§ **What you should do**
From the first line down to the one containing "Während der Arbeit", reproduce the entries below exactly and leave out the pictures.

Start of Supplied entries

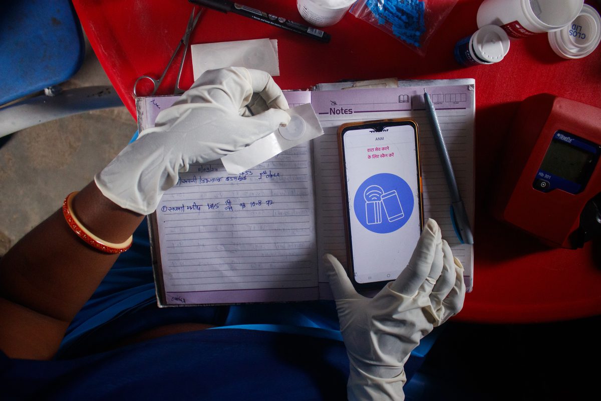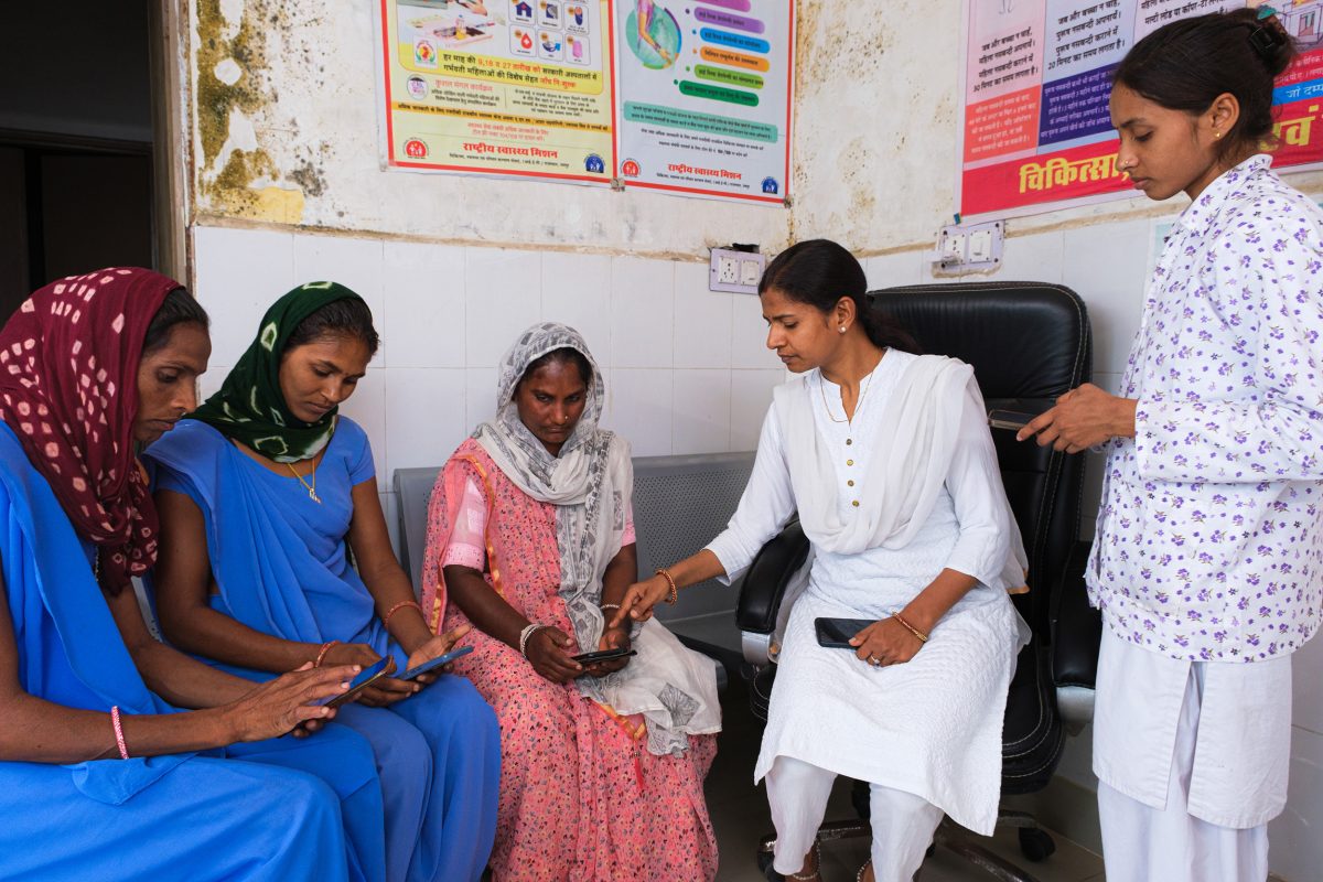 Accredited Social Health Activists (ASHA) workers using the CHIP platform on their mobile devices.
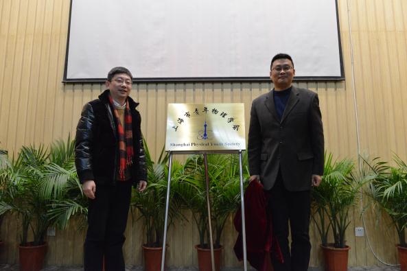 yl7703永利集团研工部部长陆居怡教授和yl7703永利集团党委书记周斌教授为上海市青年物理学会成立揭牌
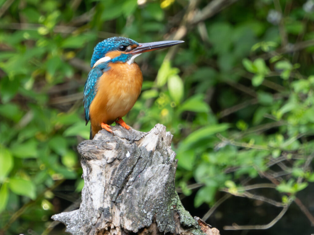 オスのカワセミは飛び去ってしまい、メスのカワセミが出てきました。
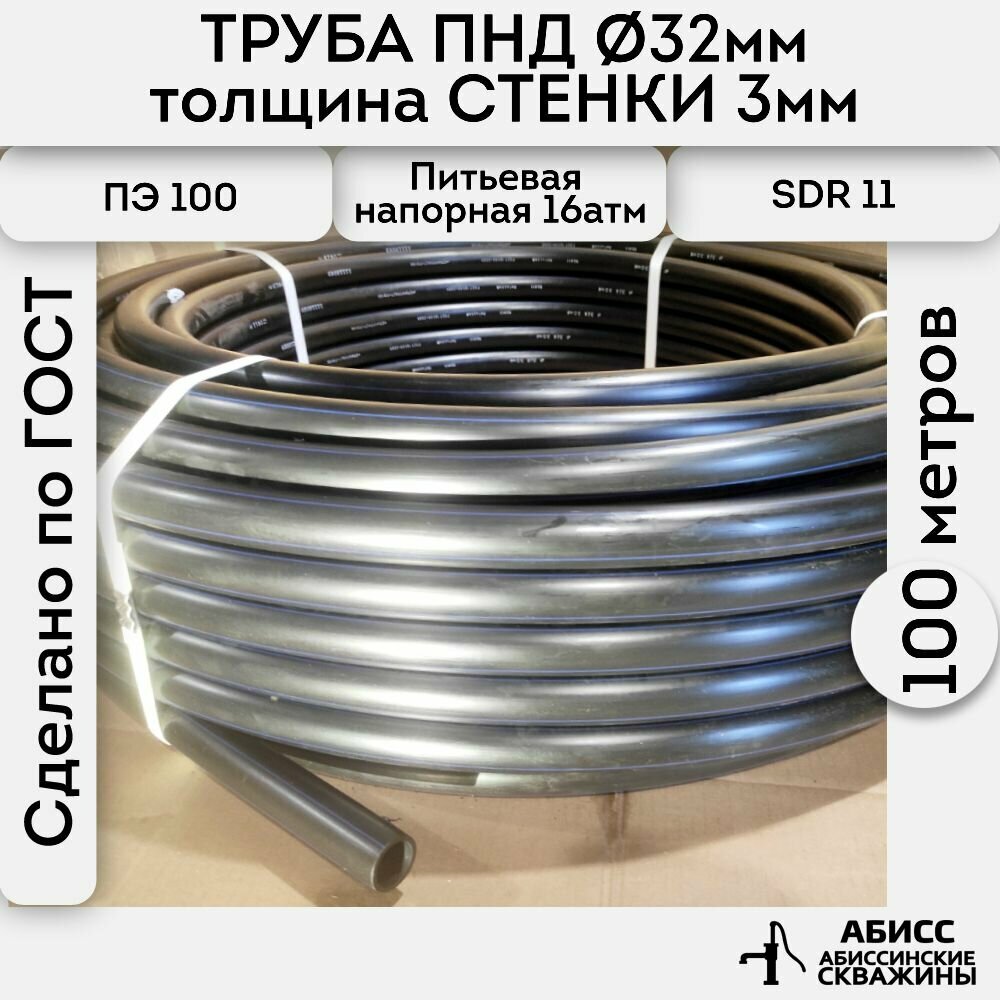 10 цен на Труба ПНД 32х3. длина 100метров. толщина стенки 3мм. водопроводная питьевая напорная (16атм) ПЭ100, SDR11 ГОСТ18599-2001 идеальна для абиссинской скважины
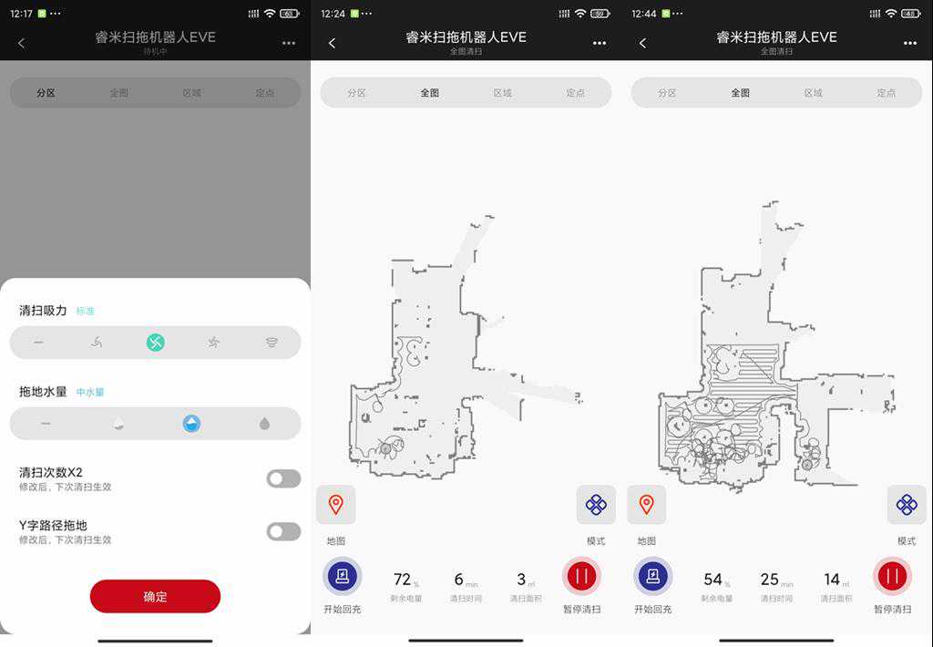 ▲通过内部的设置可以对于清扫路径,清扫次数,拖地的水量,清扫的吸力做一些自己习惯的设置。第一次构图中的圈圈都是椅子腿还有一些障碍物。
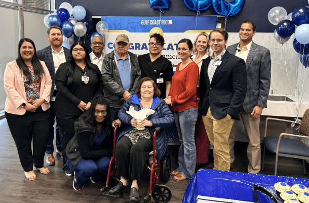 “Edward Commender represents the very best of our donor community,” said Kevin Shipley, Associate Vice President of Community Engagement at Gulf Coast Blood. “His generosity, consistency, and compassion have helped save thousands of lives. We’re incredibly grateful for his commitment and proud to honor him as a true community hero.” To commemorate the milestone, Mr. Commender was recognized by Gulf Coast Blood staff and presented with a 100-gallon milestone mug, along with a recognition letter from Gulf Coast Blood President and CEO Nikhil Nayak. Staff members gathered to celebrate his dedication and to thank him for the profound impact he has made on countless families and hospital patients.
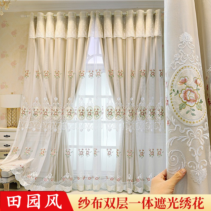 完成品卸売りカーテン田園新型客間高級大気カーテン布糸一体二重遮光寝室
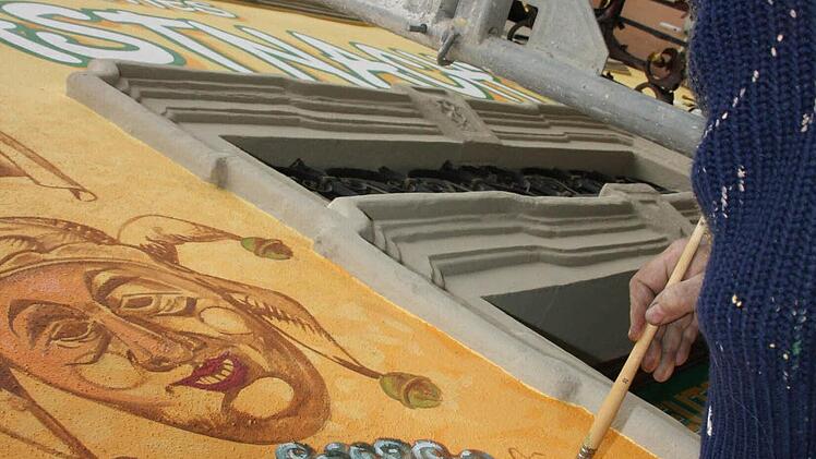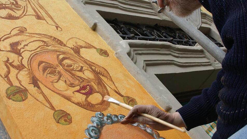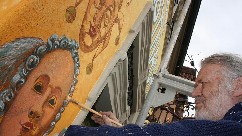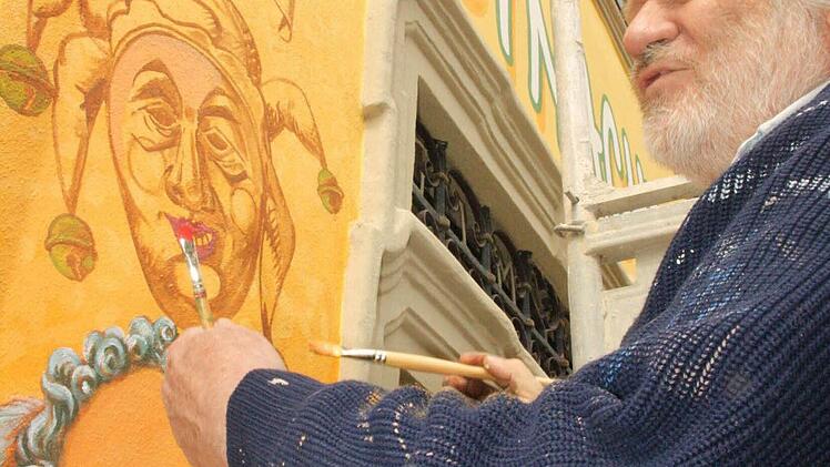 Während der Arbeit wird Klaus Christof normalerweise nicht von derart vielen Blicken begleitet. Sowohl Fremde als auch Bekannte bleiben in der Kitzinger Luitpoldstraße stehen und schauen hinauf zum malenden 1. Bürgermeister. Der 64-Jährige gibt der Fassade des neuen Deutschen Fastnachtmuseums ein ganz individuelles Gesicht - oder besser: 13 Gesichter. So viele Faschingsmasken werden künftig die untere Eingangstür des Museums bewachen.
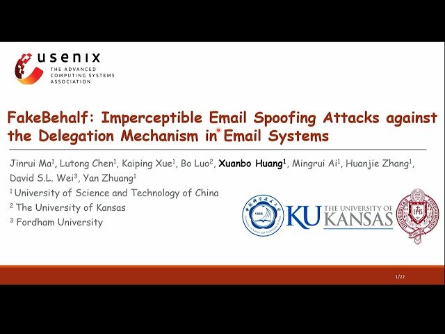 Explore a 12-minute conference presentation from USENIX Security '24 that reveals critical vulnerabilities in email systems' delegation mechanisms. Learn how researchers from the University of Science and Technology of China, University of Kansas, and Fordham University uncovered security flaws allowing attackers to bypass DKIM and DMARC protections through spoofed Sender fields. Discover findings from their 50-participant study showing that half of users are vulnerable to deceptive delegate information, and examine the impact of novel email spoofing attacks tested across 16 service providers and 20 email clients. Understand their proposed validation scheme and security enhancement recommendations for protecting against delegation mechanism exploitation in email systems.
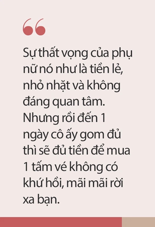Nó không vô lí đâu các anh ạ, hành động đó mới thực sự là giọt nước tràn ly. Khi các anh vô tâm thậm chí là vô tình làm tổn thương vợ, các anh nhanh chóng quên mau còn niềm đau lại ăn sâu vào tâm khảm phụ nữ. Để đến 1 ngưỡng nhất định, cô ấy sẽ tự tay "kết liễu" thứ mà mình từng dày công vun đắp.
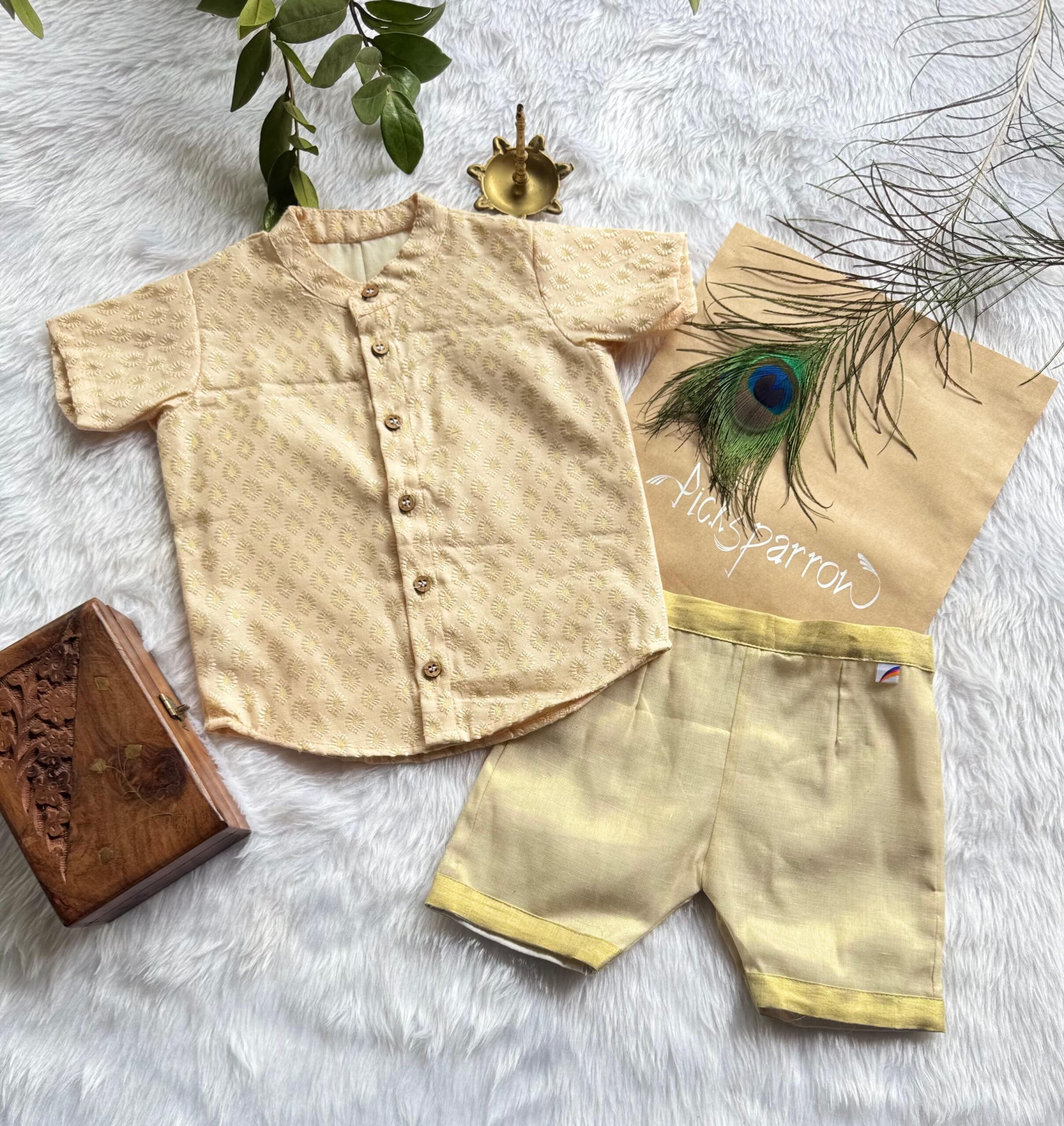 💚CHANDERI SHIRT – TISSUE SHORTS– Special occasion wear/Traditional wear/Ethnic wear for your little prince from Picksparrow. The elegant outfit is suitable for baby boys and can be used for any festive occasion like the naming ceremony, birthday celebration, Onam, Vishu, etc. The traditional outfit can be used for your little one’s naming ceremony (Newborn Baby Irupathettu, Choroonu attire) or for that traditional photo shoot you have planned.

End of Supplied entries

§ **Solution for this problem**
 Accredited Social Health Activists (ASHA) workers using the CHIP platform on their mobile devices.
 yl7703永利集团研工部部长陆居怡教授和yl7703永利集团党委书记周斌教授为上海市青年物理学会成立揭牌
 オスのカワセミは飛び去ってしまい、メスのカワセミが出てきました。
 10 цен на Труба ПНД 32х3. длина 100метров. толщина стенки 3мм. водопроводная питьевая напорная (16атм) ПЭ100, SDR11 ГОСТ18599-2001 идеальна для абиссинской скважины
 ▲通过内部的设置可以对于清扫路径,清扫次数,拖地的水量,清扫的吸力做一些自己习惯的设置。第一次构图中的圈圈都是椅子腿还有一些障碍物。
 “Edward Commender represents the very best of our donor community,” said Kevin Shipley, Associate Vice President of Community Engagement at Gulf Coast Blood. “His generosity, consistency, and compassion have helped save thousands of lives. We’re incredibly grateful for his commitment and proud to honor him as a true community hero.” To commemorate the milestone, Mr. Commender was recognized by Gulf Coast Blood staff and presented with a 100-gallon milestone mug, along with a recognition letter from Gulf Coast Blood President and CEO Nikhil Nayak. Staff members gathered to celebrate his dedication and to thank him for the profound impact he has made on countless families and hospital patients.
 完成品卸売りカーテン田園新型客間高級大気カーテン布糸一体二重遮光寝室
 Während der Arbeit wird Klaus Christof normalerweise nicht von derart vielen Blicken begleitet. Sowohl Fremde als auch Bekannte bleiben in der Kitzinger Luitpoldstraße stehen und schauen hinauf zum malenden 1. Bürgermeister. Der 64-Jährige gibt der Fassade des neuen Deutschen Fastnachtmuseums ein ganz individuelles Gesicht - oder besser: 13 Gesichter. So viele Faschingsmasken werden künftig die untere Eingangstür des Museums bewachen.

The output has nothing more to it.